April 27, 2009

The Next Two Days in Florence

On Sunday we had a guide who took us to the Galleria dell-Accademia where Michelangelo's David is. For some reason I got very emotional when I saw it - I have no explanation, but my eyes welled up with tears. It's quite stunning, an amazing feat, really, carved from one piece of marble. Maybe I was blown away by its beauty? Or perhaps there's just something wrong with me. (See the photo video at the end of this post.)
There were other beautiful sculptures at the Accademia (I particularly loved the bust of Michelangelo done, if I remember correctly, by a student of his) and paintings, and our guide was great, very knowledgeable. He took us to the Duomo, the Piazza Signoria and Santa Croce.
After the tour Bill and I went back to the hotel (walking, walking, walking) so I could change shoes, then we walked back to town and had a pizza and wine at one of the restaurants at Piazza Signoria. Then to Pitti Palace (walking, walking, walking), which is spectacularly ornate with painted ceilings, ceilings with sculptures, paintings on every inch of every room...quite enormous and overwhelming. Room after room after room.
We walked over the Ponte Vecchio to the open air market where I spent hours agonizing over the leather belts and bags. Bill was very patient.
After all that walking we were completely exhausted so we went back to the hotel and took a nap. For dinner (jeez...do you think we did anything other than eat?) we went to a little pizzeria that Jean-Paul recommended, which was very nice. We had caprese salad and a delicious fish stew, and stopped for gelato on the way home. BTW, I ate gelato every single day, sometimes twice.
On Monday we walked into town on the south side of the Arno River (instead of the north side, which is what we'd been doing) and it was a gorgeous walk.
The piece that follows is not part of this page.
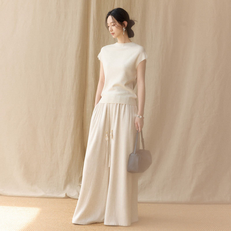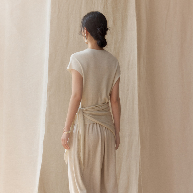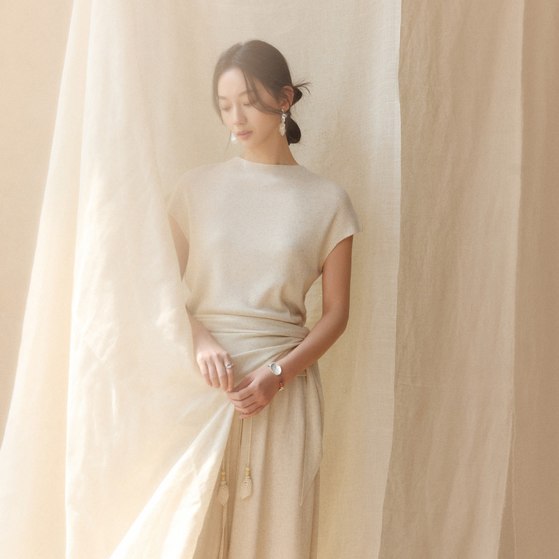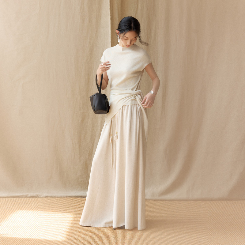 AIRIQI商场同款26夏新款简约圆领短袖修身系带针织衫女AH62MS113
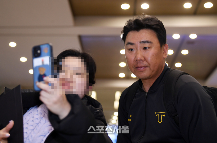 KIA 이범호 감독이 6일 호주 캔버라와 일본 오키나와에서 치른 동계 훈련을 마치고 인천국제공항을 통해 귀국 후 팬의 셀카요청에 응하고 있다. 2024. 3. 6. 인천국제공항 | 최승섭기자 thunder@sportsseoul.com

Went to the Bargello which is a wonderful sculpture museum in a former police station turned prison. Fantastic stuff.
Wandered through town after that (walking, walking, walking). Stopped for wine at a piazza (this was a regular occurence for us), then later got a sandwich at one of the numerous delis where they sell gorgeous sandwiches for not much money. Then we walked some more.
After a little siesta we went to Ristorante Baldini, a nice restaurant near the hotel. We had the house wine. They put a bottle on your table and charge you for what you drink. We had a couple glasses each and the wine portion of the bill was 10 Euros (about $14), the cheapest we paid for wine since we'd been there. We had a first course of Spaghetti Pomodoro which was heavenly, and a second course of roasted meats.
Florence was wonderful and beautiful - we loved it.

April 26, 2009

Rome to Florence - April 4, 2009


We took the bullet train to Florence and were met at the train station by Jean-Paul, our guide, who transported us to our hotel, the NH Hotel.
See the charming building on the far right in the picture? Well, that's not it. It's the third building to the left, the ugly, modern-looking one behind the trees. Not a bad thing that you can't really see it.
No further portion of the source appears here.